Sunday, February 26, 2012

Art & Teens

After serving three years as the Art Adventure coordinator for my elementary school, I turned over the position to someone else.  I could tell it was time for me to turn it over because it's been a constant stress since September and not much fun.  I intend to return next year as a regular volunteer which means I can still present in the classroooms, but no more recruiting people, making sure they get to training, and dealing with volunteers who don't come through.  That was the hardest part.  If I say I'm going to do something, I do it or a find a sub.  So I found it hard to be patient with people who would just skip their commitments.  The woman who is taking over the coordination is excited about running the program and has an art background, so the transfer couldn't be more perfect.

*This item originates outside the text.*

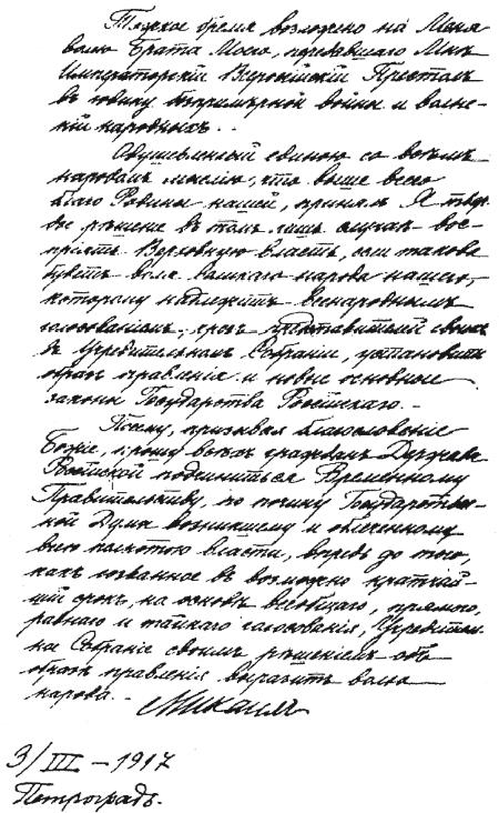 Из дневника Николая II: «3-го марта. Пятница… Алексеев пришел с последними известиями от Родзянко. Оказывается, Миша отрекся. Его манифест кончается четыреххвосткой для выборов через 6 месяцев Учредительного Собрания. Бог знает, кто надоумил его подписать такую гадость!..»

I keep waiting with some anxiety for Jacob to turn into an obnoxious teen.  I am relieved to say, he's still a really great kid and we really enjoy having him around.  However, last week I saw just a hint of something I'd call "teen behavior."  Jacob is a great student so typically, he studies, then asks me to quiz him in preparation for a test.  Last week he brought several study sheets to me and asked me to quiz him.   After 2-3 questions, I realized he hadn't reviewed the material at all.  I believe strongly that I am not here to teach him the material, but to help him review it, so I told him to go study and come back when he was ready.  Jacob got mad and told me he was not going to review the material and that if I didn't quiz him - he'd just fail the test.  I held firm - "No, go review and then I'll quiz you."  "NO!" was his reply.  "Well then fail the test," was my retort.  Off he went to play video games.  And I began to pace in the kitchen.  My thoughts went something like this . . . "I've passed Health.  I don't need to study this material.  It's not my test.  It's better that he fail now than in High School when it counts on his transcripts.  He's testing me."  It took strength for me not to cave and help him study for that test because if there is one thing I really care about, it's grades and Jacob knows it.  All of Saturday passed and Jacob didn't study for that test.  All of Sunday passed and Jacob didn't study for his test.  By Sunday night I'd resigned myself that despite his amazing academic talent, he was going to fail that test and drop his grade significantly because tests make up 80% of the grade.   Monday morning, a humble kid approached me and asked if I'd help him review.  "Did you study?"  "Yep."  And he had, so we quickly reviewed what we could before he rushed to catch the bus, saying he'd finish studying over lunch.  He ended up doing very well on that test.  But more importantly, he tested me and I did the right thing - the thing that helped him learn who was responsible for his grade and the thing that helped him become just a bit more mature and independent.  It's all about getting them ready to fly solo when the time comes and I feel like we moved a tiny bit closer to that goal.